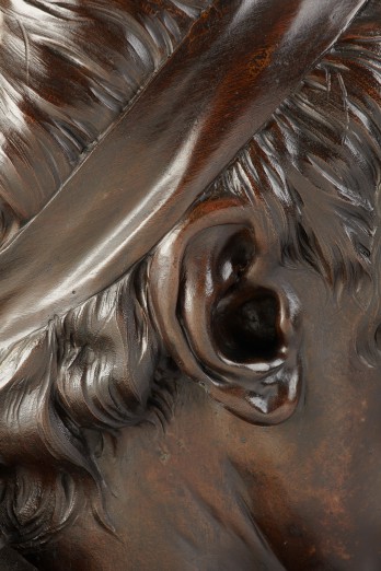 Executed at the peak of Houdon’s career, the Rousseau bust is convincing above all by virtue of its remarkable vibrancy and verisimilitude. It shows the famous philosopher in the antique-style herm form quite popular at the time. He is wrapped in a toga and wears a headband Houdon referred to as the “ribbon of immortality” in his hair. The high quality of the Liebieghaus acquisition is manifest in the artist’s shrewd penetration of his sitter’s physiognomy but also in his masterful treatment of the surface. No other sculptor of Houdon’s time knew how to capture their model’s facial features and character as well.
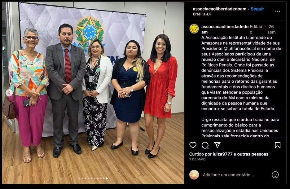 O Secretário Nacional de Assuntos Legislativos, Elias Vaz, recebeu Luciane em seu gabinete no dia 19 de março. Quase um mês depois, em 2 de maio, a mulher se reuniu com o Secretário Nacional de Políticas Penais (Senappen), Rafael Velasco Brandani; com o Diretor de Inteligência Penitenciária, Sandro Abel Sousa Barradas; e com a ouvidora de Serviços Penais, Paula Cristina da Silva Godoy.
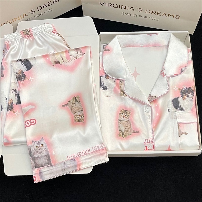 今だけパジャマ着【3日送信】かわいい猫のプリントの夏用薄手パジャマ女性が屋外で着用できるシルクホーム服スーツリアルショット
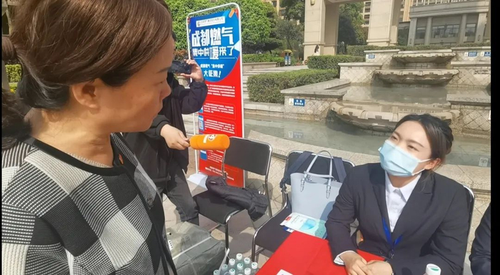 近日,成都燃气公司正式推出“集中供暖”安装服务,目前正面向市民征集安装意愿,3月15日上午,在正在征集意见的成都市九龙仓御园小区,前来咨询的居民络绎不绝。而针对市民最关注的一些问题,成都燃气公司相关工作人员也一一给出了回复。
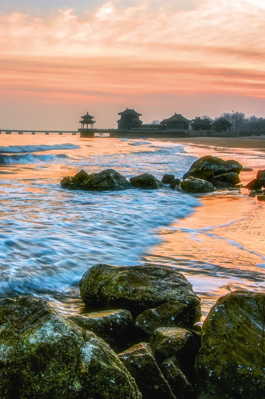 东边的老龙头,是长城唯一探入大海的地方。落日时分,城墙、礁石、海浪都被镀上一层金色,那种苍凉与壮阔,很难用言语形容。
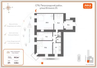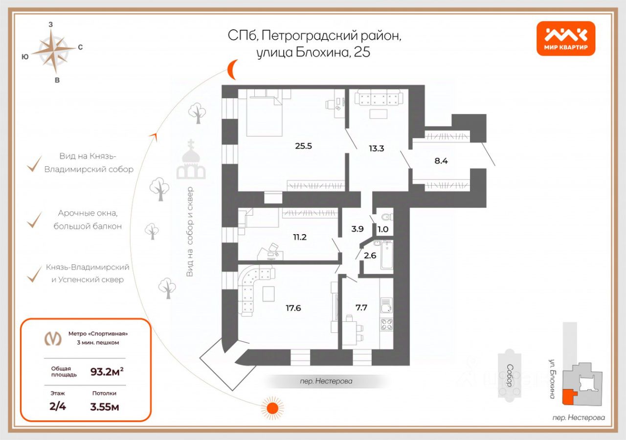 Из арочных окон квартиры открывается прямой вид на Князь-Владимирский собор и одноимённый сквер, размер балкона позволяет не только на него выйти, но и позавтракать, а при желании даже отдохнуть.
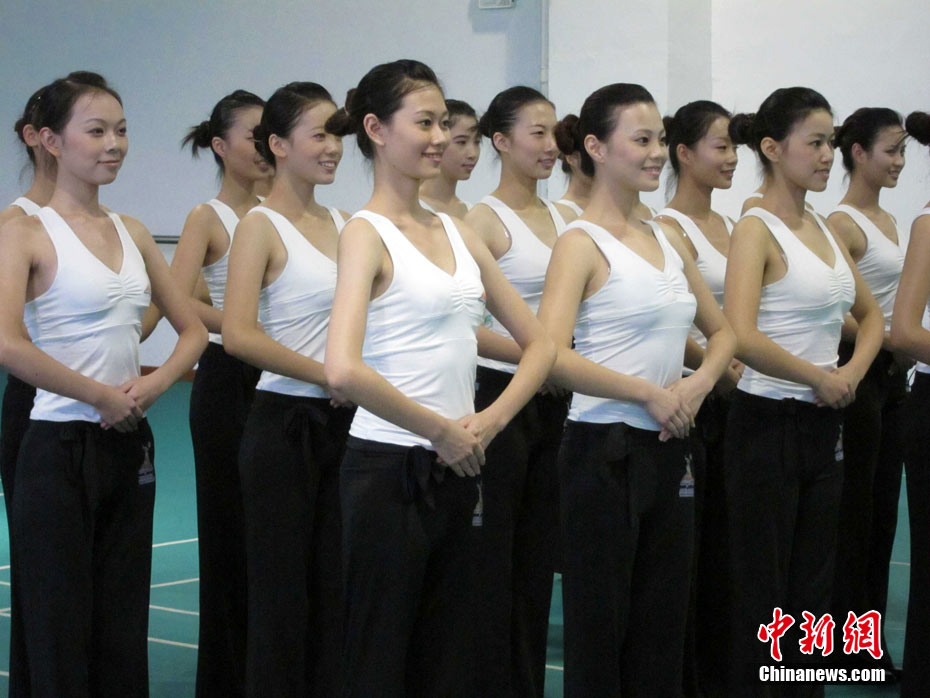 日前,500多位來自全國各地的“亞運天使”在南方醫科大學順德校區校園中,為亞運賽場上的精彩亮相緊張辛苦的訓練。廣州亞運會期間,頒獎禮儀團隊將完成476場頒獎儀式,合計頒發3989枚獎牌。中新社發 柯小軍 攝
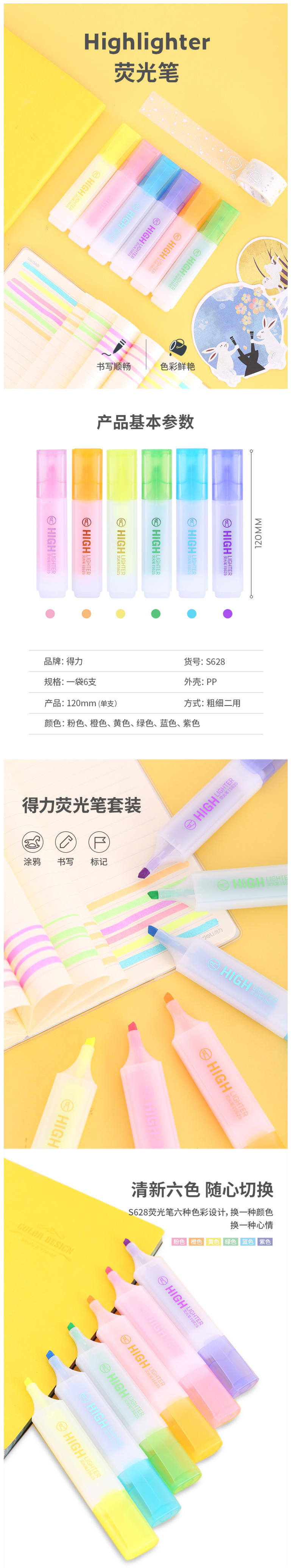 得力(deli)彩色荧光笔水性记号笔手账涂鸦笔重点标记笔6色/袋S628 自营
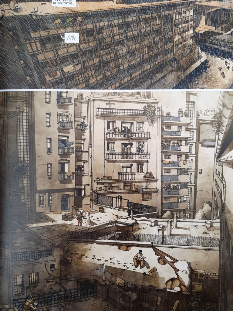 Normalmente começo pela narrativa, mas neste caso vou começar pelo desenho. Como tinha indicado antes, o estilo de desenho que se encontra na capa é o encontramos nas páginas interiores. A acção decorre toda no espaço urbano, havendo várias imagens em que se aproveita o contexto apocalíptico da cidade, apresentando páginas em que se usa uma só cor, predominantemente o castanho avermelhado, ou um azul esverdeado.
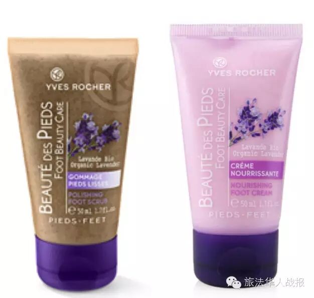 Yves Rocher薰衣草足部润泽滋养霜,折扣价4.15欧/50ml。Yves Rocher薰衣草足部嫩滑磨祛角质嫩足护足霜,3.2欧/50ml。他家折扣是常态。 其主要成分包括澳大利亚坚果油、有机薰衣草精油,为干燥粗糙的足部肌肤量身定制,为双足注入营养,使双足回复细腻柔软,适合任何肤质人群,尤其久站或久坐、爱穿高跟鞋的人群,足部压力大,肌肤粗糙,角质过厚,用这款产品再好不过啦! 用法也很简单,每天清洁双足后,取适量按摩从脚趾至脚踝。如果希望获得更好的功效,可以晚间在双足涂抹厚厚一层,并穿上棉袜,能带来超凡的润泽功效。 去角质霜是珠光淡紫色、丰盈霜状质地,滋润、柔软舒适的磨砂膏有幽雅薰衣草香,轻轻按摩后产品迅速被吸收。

▶ _Required action_: Except for the pictures, please retype the listing above exactly.

▶ _Answer to this task_:
 Executed at the peak of Houdon’s career, the Rousseau bust is convincing above all by virtue of its remarkable vibrancy and verisimilitude. It shows the famous philosopher in the antique-style herm form quite popular at the time. He is wrapped in a toga and wears a headband Houdon referred to as the “ribbon of immortality” in his hair. The high quality of the Liebieghaus acquisition is manifest in the artist’s shrewd penetration of his sitter’s physiognomy but also in his masterful treatment of the surface. No other sculptor of Houdon’s time knew how to capture their model’s facial features and character as well.
 O Secretário Nacional de Assuntos Legislativos, Elias Vaz, recebeu Luciane em seu gabinete no dia 19 de março. Quase um mês depois, em 2 de maio, a mulher se reuniu com o Secretário Nacional de Políticas Penais (Senappen), Rafael Velasco Brandani; com o Diretor de Inteligência Penitenciária, Sandro Abel Sousa Barradas; e com a ouvidora de Serviços Penais, Paula Cristina da Silva Godoy.
 今だけパジャマ着【3日送信】かわいい猫のプリントの夏用薄手パジャマ女性が屋外で着用できるシルクホーム服スーツリアルショット
 近日,成都燃气公司正式推出“集中供暖”安装服务,目前正面向市民征集安装意愿,3月15日上午,在正在征集意见的成都市九龙仓御园小区,前来咨询的居民络绎不绝。而针对市民最关注的一些问题,成都燃气公司相关工作人员也一一给出了回复。
 东边的老龙头,是长城唯一探入大海的地方。落日时分,城墙、礁石、海浪都被镀上一层金色,那种苍凉与壮阔,很难用言语形容。
 Из арочных окон квартиры открывается прямой вид на Князь-Владимирский собор и одноимённый сквер, размер балкона позволяет не только на него выйти, но и позавтракать, а при желании даже отдохнуть.
 日前,500多位來自全國各地的“亞運天使”在南方醫科大學順德校區校園中,為亞運賽場上的精彩亮相緊張辛苦的訓練。廣州亞運會期間,頒獎禮儀團隊將完成476場頒獎儀式,合計頒發3989枚獎牌。中新社發 柯小軍 攝
 得力(deli)彩色荧光笔水性记号笔手账涂鸦笔重点标记笔6色/袋S628 自营
 Normalmente começo pela narrativa, mas neste caso vou começar pelo desenho. Como tinha indicado antes, o estilo de desenho que se encontra na capa é o encontramos nas páginas interiores. A acção decorre toda no espaço urbano, havendo várias imagens em que se aproveita o contexto apocalíptico da cidade, apresentando páginas em que se usa uma só cor, predominantemente o castanho avermelhado, ou um azul esverdeado.
 Yves Rocher薰衣草足部润泽滋养霜,折扣价4.15欧/50ml。Yves Rocher薰衣草足部嫩滑磨祛角质嫩足护足霜,3.2欧/50ml。他家折扣是常态。 其主要成分包括澳大利亚坚果油、有机薰衣草精油,为干燥粗糙的足部肌肤量身定制,为双足注入营养,使双足回复细腻柔软,适合任何肤质人群,尤其久站或久坐、爱穿高跟鞋的人群,足部压力大,肌肤粗糙,角质过厚,用这款产品再好不过啦! 用法也很简单,每天清洁双足后,取适量按摩从脚趾至脚踝。如果希望获得更好的功效,可以晚间在双足涂抹厚厚一层,并穿上棉袜,能带来超凡的润泽功效。 去角质霜是珠光淡紫色、丰盈霜状质地,滋润、柔软舒适的磨砂膏有幽雅薰衣草香,轻轻按摩后产品迅速被吸收。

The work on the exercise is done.